▶ **YOUR ASSIGNMENT**
Please retype all of the records below word for word, leaving out any pictures.

╭─ RECORDED DATA

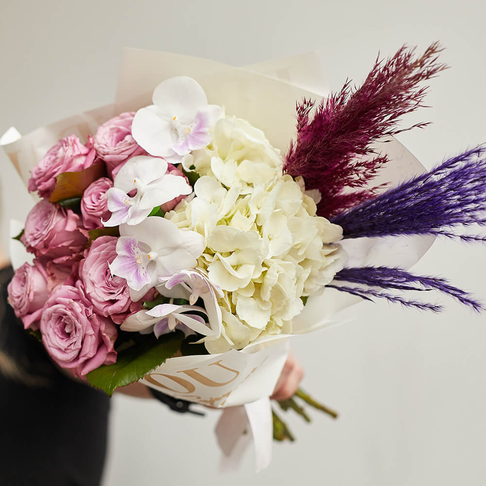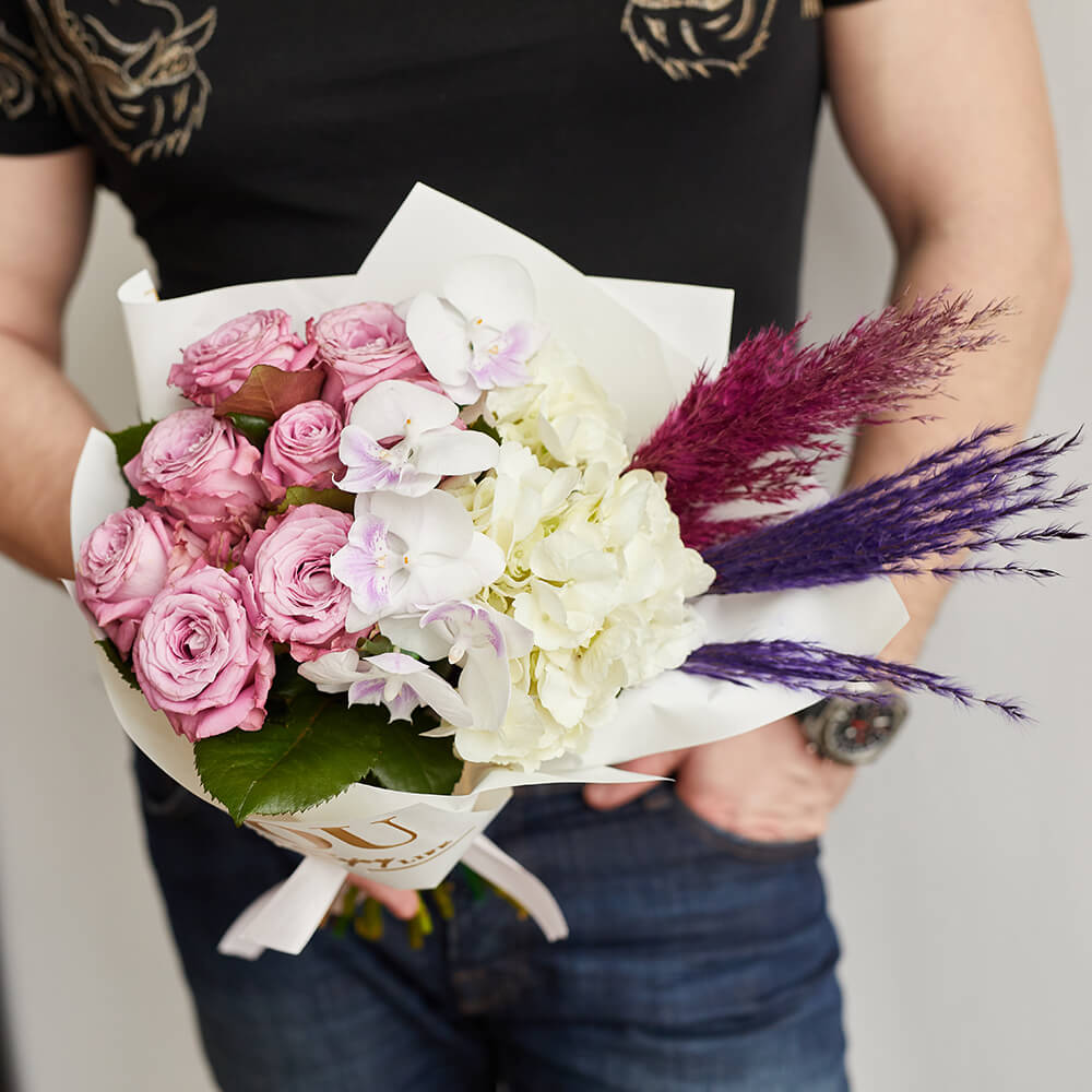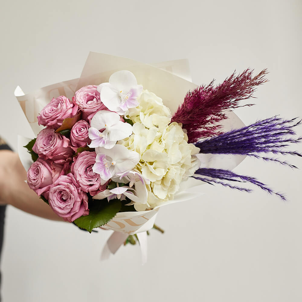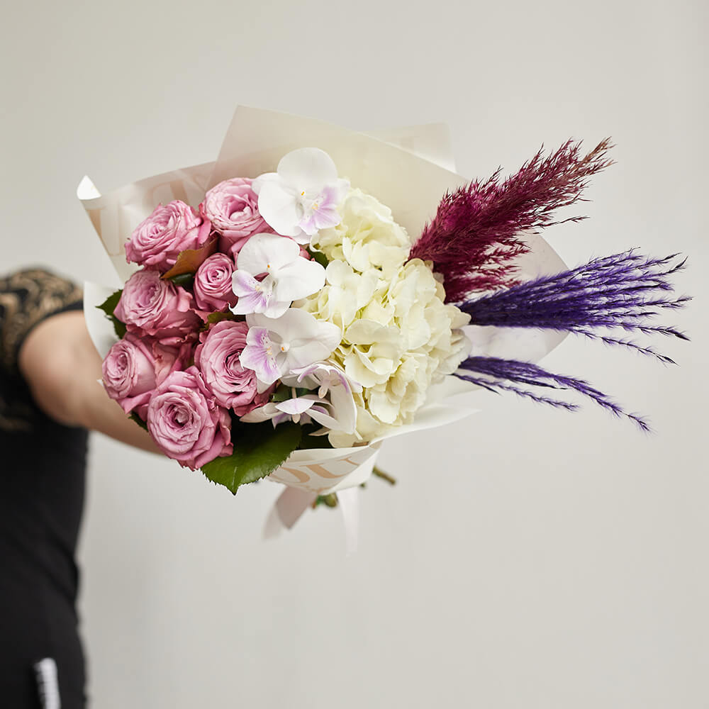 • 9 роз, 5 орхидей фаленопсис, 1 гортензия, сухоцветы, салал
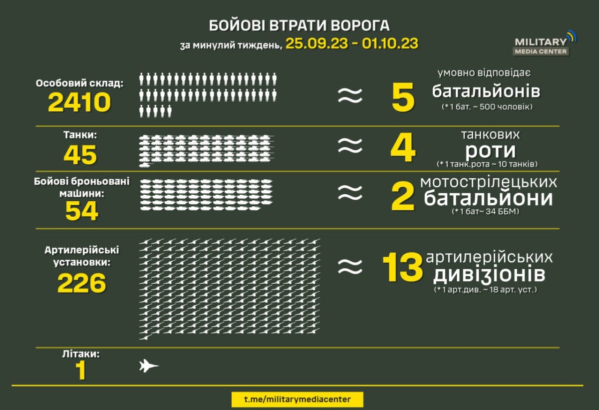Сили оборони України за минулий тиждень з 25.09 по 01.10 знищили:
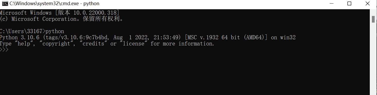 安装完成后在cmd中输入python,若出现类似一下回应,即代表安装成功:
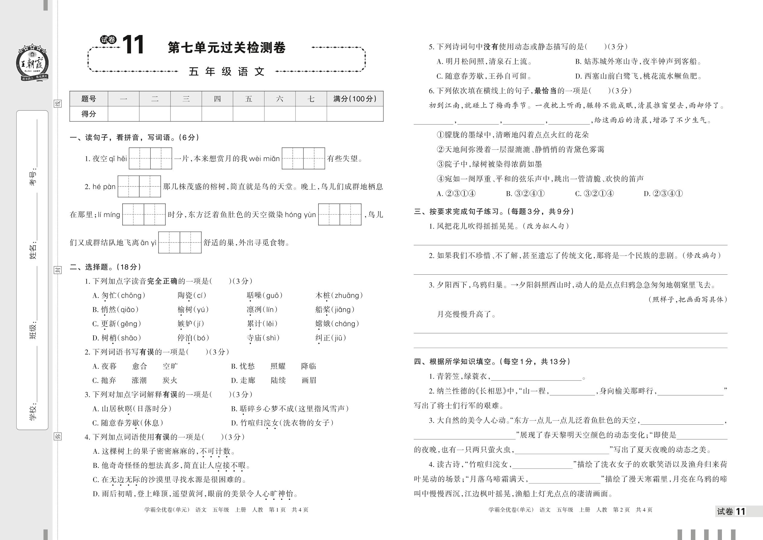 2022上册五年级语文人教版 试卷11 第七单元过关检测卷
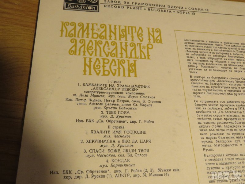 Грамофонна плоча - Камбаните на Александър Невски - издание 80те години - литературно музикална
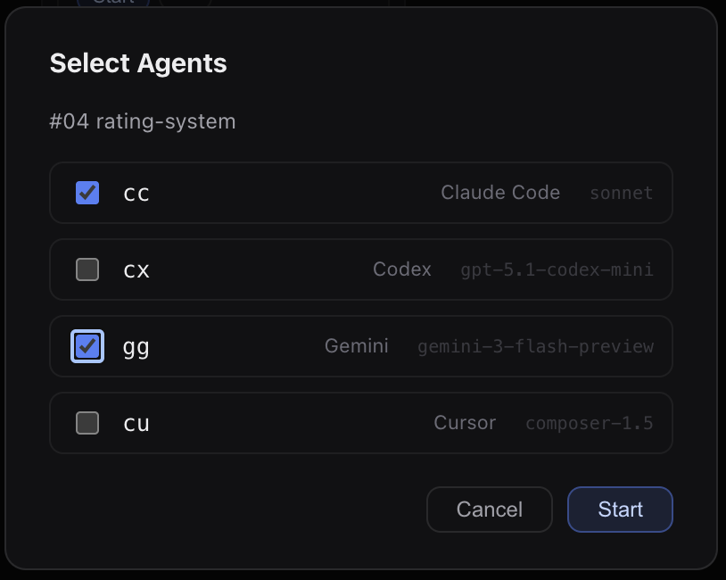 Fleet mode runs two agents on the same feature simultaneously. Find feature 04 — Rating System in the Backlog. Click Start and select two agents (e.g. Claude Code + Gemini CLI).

╰─

▶ **PROBLEM SOLUTION**
 • 9 роз, 5 орхидей фаленопсис, 1 гортензия, сухоцветы, салал
Сили оборони України за минулий тиждень з 25.09 по 01.10 знищили:
 安装完成后在cmd中输入python,若出现类似一下回应,即代表安装成功:
 2022上册五年级语文人教版 试卷11 第七单元过关检测卷
 Грамофонна плоча - Камбаните на Александър Невски - издание 80те години - литературно музикална
 Fleet mode runs two agents on the same feature simultaneously. Find feature 04 — Rating System in the Backlog. Click Start and select two agents (e.g. Claude Code + Gemini CLI).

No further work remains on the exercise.